WHAT TO DO ▸
Copy the data exactly; pictures stay out of the copy.

DATA BLOCK ▸
════════════════

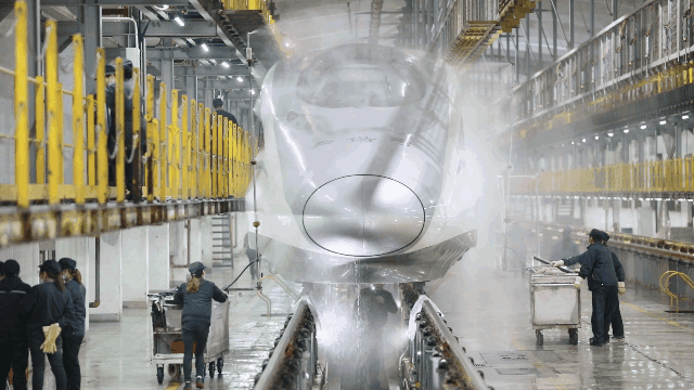 動車組經(jīng)過洗車機(jī)時,調(diào)度室內(nèi)調(diào)度員精準(zhǔn)聯(lián)控司機(jī),機(jī)房有專業(yè)的設(shè)備操作人員負(fù)責(zé)監(jiān)控,確保洗車機(jī)正常運轉(zhuǎn),外皮清洗到位。在動車檢修庫內(nèi),質(zhì)檢員全方位卡控人工清洗環(huán)節(jié),檢查清潔是否到位。
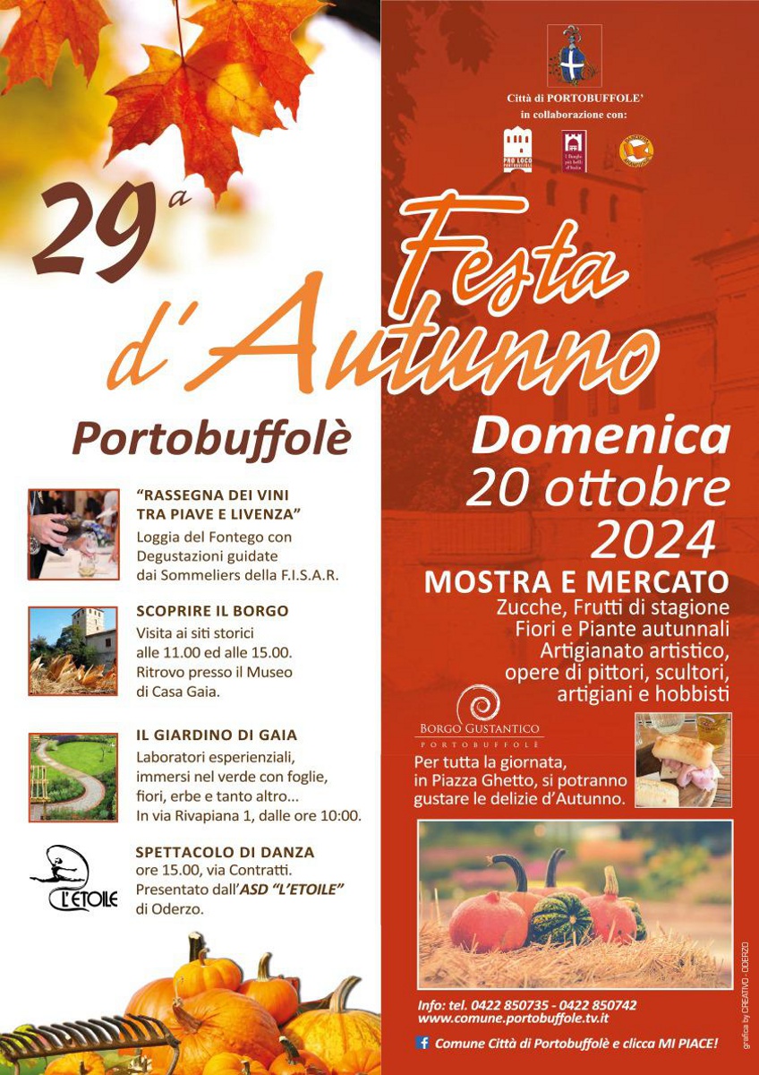 Il Comune di Portobuffolè con la collaborazione della Pro Loco di Portobuffolè ha organizzato la 29ª Festa d’Autunno a Portobuffolè.
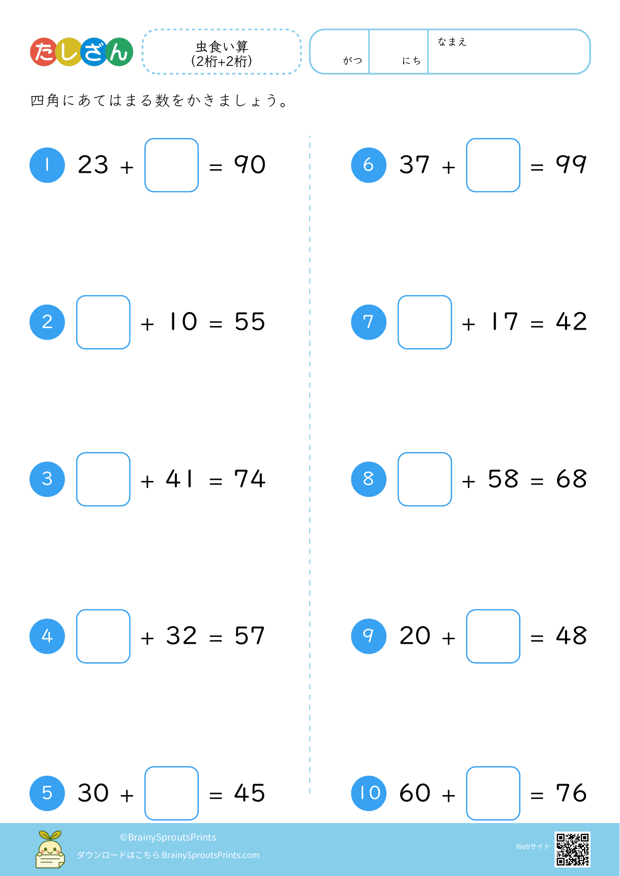 プリントの内容や難易度はあくまで目安です。同じ年齢でも理解のスピードや興味には個人差がありますので、無理に進めず、お子さまのペースに合わせてご利用いただくことをおすすめします。印刷時の設定や用紙サイズによって見え方が異なる場合がありますので、必要に応じて調整してください。教材は個人利用および教育目的の範囲内でご利用ください。詳しくは 利用規約 をご覧ください。

════════════════

RESULT ▸
 動車組經(jīng)過洗車機(jī)時,調(diào)度室內(nèi)調(diào)度員精準(zhǔn)聯(lián)控司機(jī),機(jī)房有專業(yè)的設(shè)備操作人員負(fù)責(zé)監(jiān)控,確保洗車機(jī)正常運轉(zhuǎn),外皮清洗到位。在動車檢修庫內(nèi),質(zhì)檢員全方位卡控人工清洗環(huán)節(jié),檢查清潔是否到位。
 Il Comune di Portobuffolè con la collaborazione della Pro Loco di Portobuffolè ha organizzato la 29ª Festa d’Autunno a Portobuffolè.
 プリントの内容や難易度はあくまで目安です。同じ年齢でも理解のスピードや興味には個人差がありますので、無理に進めず、お子さまのペースに合わせてご利用いただくことをおすすめします。印刷時の設定や用紙サイズによって見え方が異なる場合がありますので、必要に応じて調整してください。教材は個人利用および教育目的の範囲内でご利用ください。詳しくは 利用規約 をご覧ください。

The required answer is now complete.